Recruiting a support worker

Your options for recruiting a support worker depend on how they are employed. If it is an agency or your employer, then they will have processes in place for recruitment and selection. If you are to employ them yourself then you could consider friends, family or a wider recruitment.

Regardless of who employs the support worker, it would be helpful if you are involved in the selection process.

Paying a support worker

Access to Work make payments in arrears, through an online portal. You should consider the implications of this and prepare yourself for any potential cashflow issues. Further information is available on the Access to Work website.

Managing the relationship with your support worker

How will I work with my support worker?

Your relationship with your support worker needs to be a professional one, where you have some control. However, it is also a very close relationship, and it is essential that you can get on well with your support worker.

How many hours a week can I have a support worker?

You will need to estimate how many hours per week you will need a support worker and provide detail to AtW, so they can reach a decision. It is important to establish the maximum time you are likely to need a support worker as you can always use and claim less.

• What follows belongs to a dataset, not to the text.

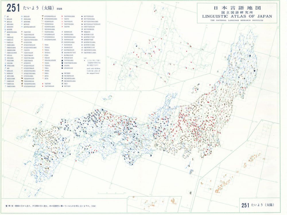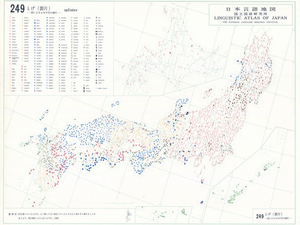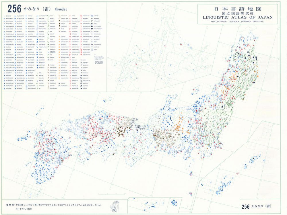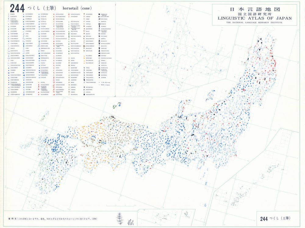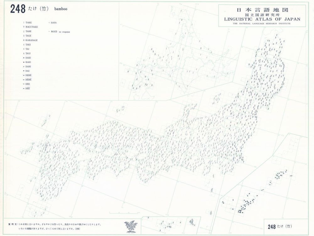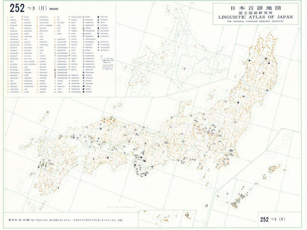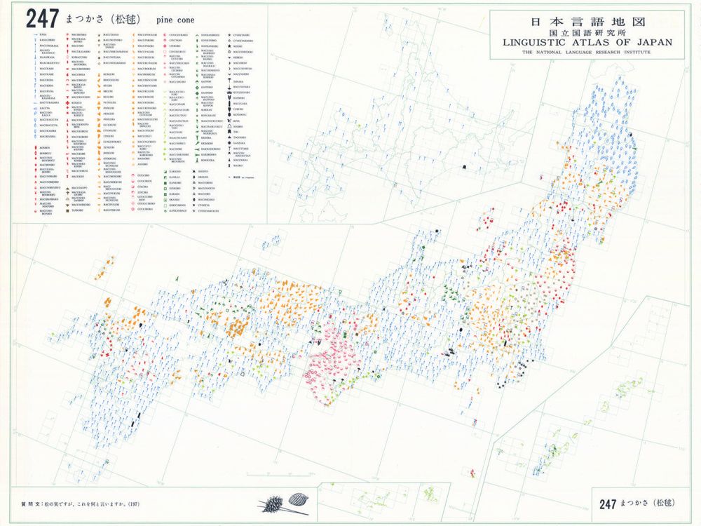 『日本言語地図』は、全国各地の方言で、どのような語形や発音がどこに現れるかを項目ごとに表示した地図で、1966年から1974年にかけて全6巻(言語地図300枚、参考地図6枚、各図解説)が刊行された。『日本言語地図』作成のための現地調査は、1957年から1965年にかけて、全国2,400か所にわたり、国立国語研究所員と同地方調査員によって実施された。言語地理学的手法によって、現代日本標準語の成立過程や、各種方言語形の歴史の解明を目指して作成され、全国の方言の地理的分布を一望できる日本の方言に関する基礎資料である。

How will this affect my independence?

The support worker is there to assist you, and not to take away any of your responsibility for your work or decisions. Unless you agree, all communication with other people should be directly through you.

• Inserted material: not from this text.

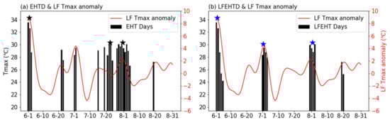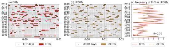 - Low-frequency extreme-high-temperature event: The definition is the same as the extreme-high-temperature event, but the filtered daily maximum temperature sequence replaces the daily maximum temperature, and the extreme-high-temperature days must occur during the event in order for a low-frequency extreme-high-temperature event (LFEHT) to be identified.

What effect will this have on colleagues?

Your colleagues and managers will need to understand the role of your support worker. In small or open plan offices you will need to consider whether having a support worker may be intrusive for others, or whether it would be best to work with your support worker away from your workplace for some of the time. If your support worker also works for your employer, you and your manager will need to be clear when they are working for you.

What about sensitive information, security and confidentiality?

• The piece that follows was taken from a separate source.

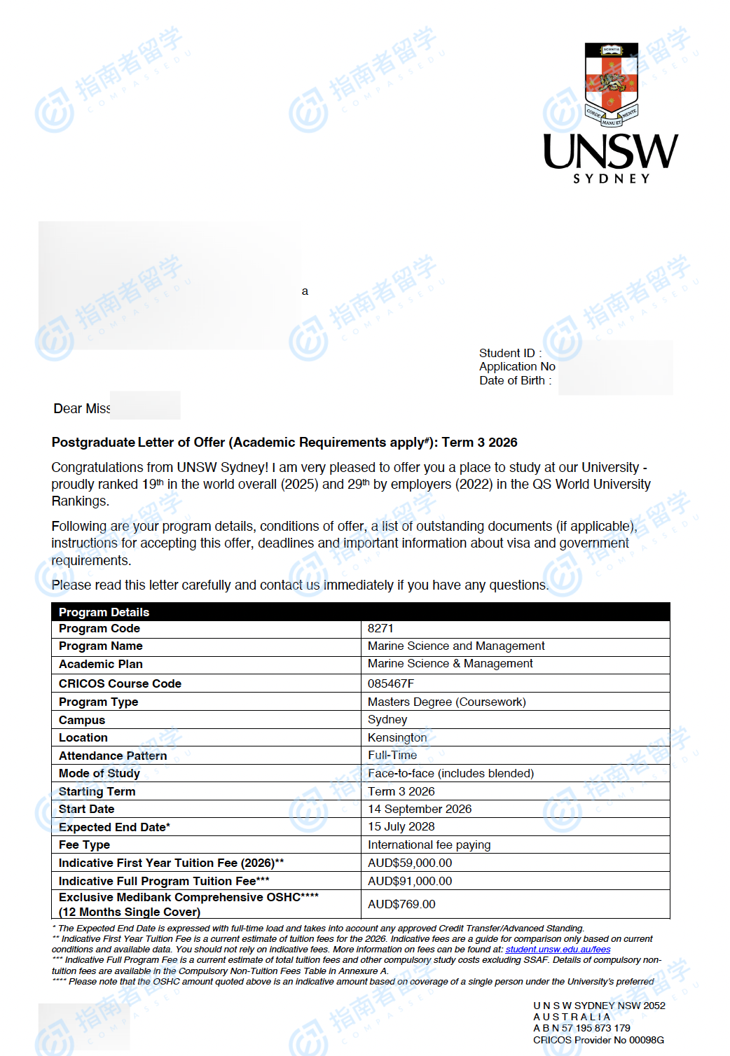 新南威爾士大學(xué)海洋科學(xué)與管理碩士研究生offer一枚

Support workers will be expected to agree to all employers’ policies and codes of conduct. In addition, they will be expected to treat everything you both work on in the strictest confidence.

Who will train the support worker to do their job?

It will be helpful if your support workers attend your employer’s induction courses to gain an understanding of their business and your job. However, the development of working practices will be mainly your responsibility. Only you can work out how best you can work together.

What happens when I'm on holiday or off sick?

Your support worker can only be employed when you are working.

What if my support worker is on holiday or off sick?

You will need to have the flexibility built into any arrangement with your employer or external agency to bring in a temporary replacement. As before, you will need to be involved in this selection, but bear in mind that this will only be for a short time, so more flexibility may be needed all round.

Can I have driver support or assistance with work-related travel?

A requirement of your job may be to travel to a variety of places, not necessarily serviced well by public transport. Do not be put off because of not being a car driver. Driver support can be provided if it is the only or most cost-effective way of meeting this need.

Remember AtW will only provide support for additional costs related to disability needs. The employer must meet their obligations to pay for travel within work at the same rate they pay their other staff. For example, AtW pays for the support driver hours, but the employer provides the vehicle and petrol costs.

Reviewing the arrangement

It is important that you regularly review the effectiveness of your support worker. Everyone needs to be realistic about this complex relationship. If there are difficulties with your support worker, try to communicate with them directly.